33.2 Visualizing decision trees

The decision tree itself is often helpful for understanding how predictions are made. Scatterplots can also be helpful in terms of viewing how the predictor space is being partitioned. For example, imagine we are fitting a model to the following data

ggplot(mpg, aes(displ, cty)) +
  geom_point()

In this case, we only have a single predictor variable, displ, but we can split on that variable multiple times. Let’s start with a single split, and we’ll build from there. The decision tree for a single split model (also called a “stump”) looks like this

So we are just splitting based on whether displ is greater than or equal to 2.6. How does this look in the scatterplot? Well, if the displ >= 2.6, it’s a horizontal line at 14, and if displ <= 2.6, it’s a horizontal line at 21.

What if we add one additional split? Well then the decision tree looks like this

and the scatterplot looks like this

As the number of splits increases, the fit to the data increases. However, the model can also quickly overfit and not generalize to new data well, which is why a single decision tree is often not the most performant model.

We can visualize classification problems with decision trees using scatterplots as well, as long as there are two continuous predictor variables. Sticking with our mpg dataset, let’s say we wanted to predict the drivetrain: front-wheel drive, rear-wheel drive, or four-wheel drive. The scatterplot would then look like this (assuming we’re now using displ and cty as predictor variables).

ggplot(mpg, aes(displ, cty)) +
  geom_point(aes(color = drv))

How does the predictor space get divided up? Let’s try first with a stump model. The tree looks like this

drv_stump <- rpart(drv ~  displ + cty, mpg,
                 control = list(maxdepth = 1))
rpart.plot(drv_stump, type = 4)

This model isn’t doing too well. It looks like we’re not capturing any of the rear-wheel drive cases. That of course makes sense, because we only have one split, so we can’t predict three different classes. Here’s what it looks like with the scatterplot

NOTE: There’s a bug (I think) in the package that currently means I have to flip the axes here. We should come back and change it when it’s fixed. See here: https://github.com/grantmcdermott/parttree/issues/5

library(parttree)
ggplot(mpg, aes(cty, displ)) +
  geom_parttree(aes(fill = drv), 
                data = drv_stump, 
                alpha = 0.4,
                flipaxes = TRUE) +
  geom_point(aes(color = drv))

And what if we go with a more complicated model? Say, 3 splits? Then the tree looks like this.

drv_threesplits <- rpart(drv ~  displ + cty, mpg,
                 control = list(maxdepth = 3))
rpart.plot(drv_threesplits, type = 4)

And our predictor space can now be divided up better.

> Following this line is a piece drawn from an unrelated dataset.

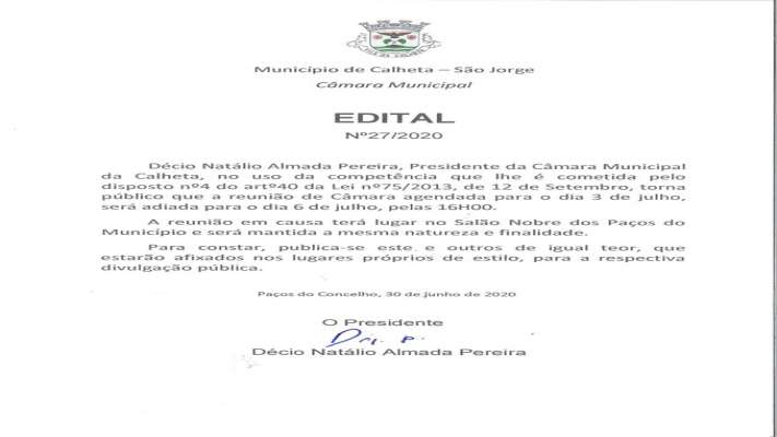 EDITAL 27/2020 Décio Natálio Almada Pereira, Presidente da Câmara Municipal da Calheta, torna público que a reunião de Câmara agendada para dia 3 de julho será adiada para o dia 6 de julho, | Jornal “O Breves”–“ Breves TV Online”
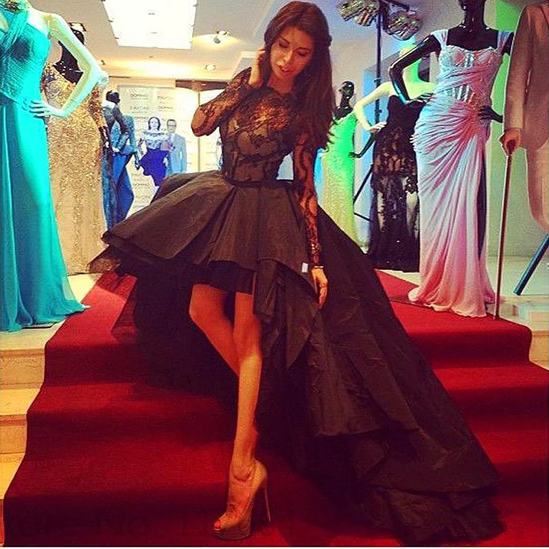 Sexy Jewel Hi-Lo Black Prom Dress Long Sleeve With Lace

ggplot(mpg, aes(displ, cty)) +
  geom_parttree(aes(fill = drv), 
                data = drv_threesplits, 
                alpha = 0.4,
                flipaxes = TRUE) +
  geom_point(aes(color = drv))

This looks considerably better and, although we still have some misclassification, that’s ultimately probably a good thing because we don’t want to start to overfit to our training data. Decision trees, like all models, should balance the bias-variance tradeoff. They are flexible and make few assumptions about the data, but that can also quickly lead to overfitting and poor generalizations to new data.